Australian colonial theatre is often framed around its relationship to the imperial powers of Great Britain and the United States. Robert Jordan's survey of Australia's convict theatres until 1840 demonstrates the scarcity of locally written content in the colony's early years, relegated to topical monologues performed in interludes. These convict theatres were limited by censorious overseers to approved productions usually imported from Britain. Different tastes influenced the later commercial theatre, which began in earnest with the opening of Barnett Levey's Sydney playhouse in 1832. Richard Waterhouse, in his study of the evolution of minstrel to vaudeville shows in Australia, argued that Australians enjoyed imported American entertainment because 'in the late nineteenth century there emerged an optimism that if the colonists adhered to the same values which Americans had followed with spectacular success then Australia would indeed become the new America', indicating the role of that other former colony in developing local tastes. Through the early and mid-nineteenth century, Australian theatre managers usually imported melodramas from Britain and the United States, while Australian plays tended to be either imitations or adaptations of foreign melodramas. Some early melodramas written in Australia were not even performed for Australian audiences, as was the case with Burn's The Bushrangers, which had its Australian premiere in a student production in 1971, 142 years after it was first performed at the Caledonian Theatre. Plays written in Australia for consumption overseas exploited the exoticism of the Antipodes but maintained standard narrative conventions familiar to their British audiences.
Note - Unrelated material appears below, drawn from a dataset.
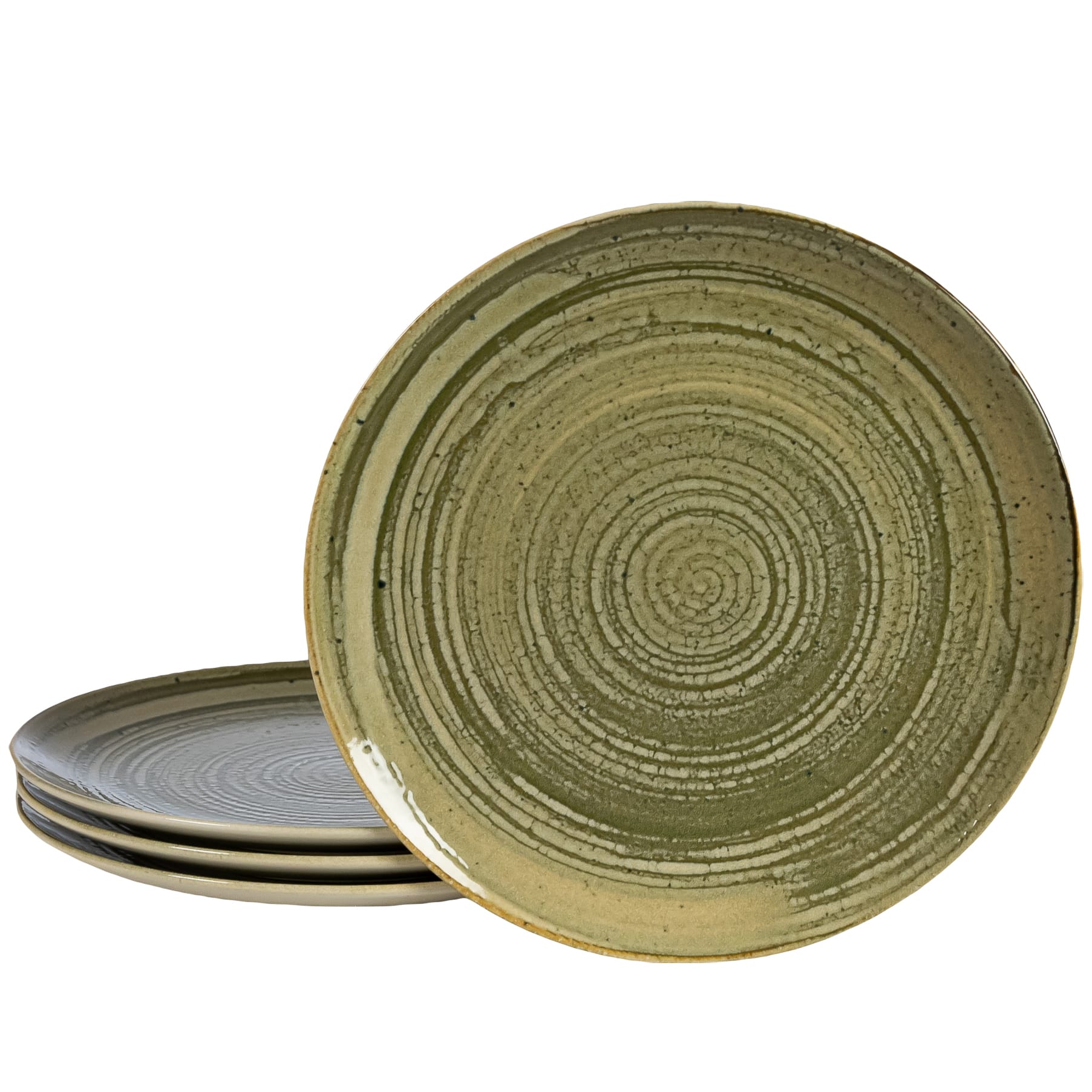 Set 4 farfurii intinse, 26 cm, Sand, Cesiro, Alb Ivoire si gri-verzui

Toward the end of the century, theatre managers such as Alfred Dampier and Dan Barry made local melodrama central to their repertoire, though Fotheringham cautions against overstating the reach of these plays, noting that they were usually performed by 'second-ranking companies'. Where earlier plays had suited London audiences, these less prestigious works struggled with '[m] anaging the transactions between the values of the local and parent cultures, between melodramatic convention and "real life", and between nationalist populism and imperial loyalties' and were more successful domestically. The 1880s, then, saw the gradual emergence of an Australian theatre tradition, one that did not necessarily appeal to a British audience – though most playwrights at least had that ambition – and embodied slight deviations from global theatrical conventions to better reflect colonial experiences. Some of these deviations are obvious from the synopses of the plays, while others revealed themselves in subtle departures from certain character archetypes.

Bushrangers were one such popular and uniquely Australian archetype filling locally written stage stories, particularly following the Kelly Gang outbreak from 1878– 80. Yet this was not a straightforward uniquely national type, as Veronica Kelly argues that bushrangers

merely filled the characterological place already prepared by the audience's long exposure to brigand-heroes of the Jack Sheppard and Dick Turpin variety; the cultural position, and the dramaturgical models, for the nationalistic bushranger, were already in position well before Glenrowan.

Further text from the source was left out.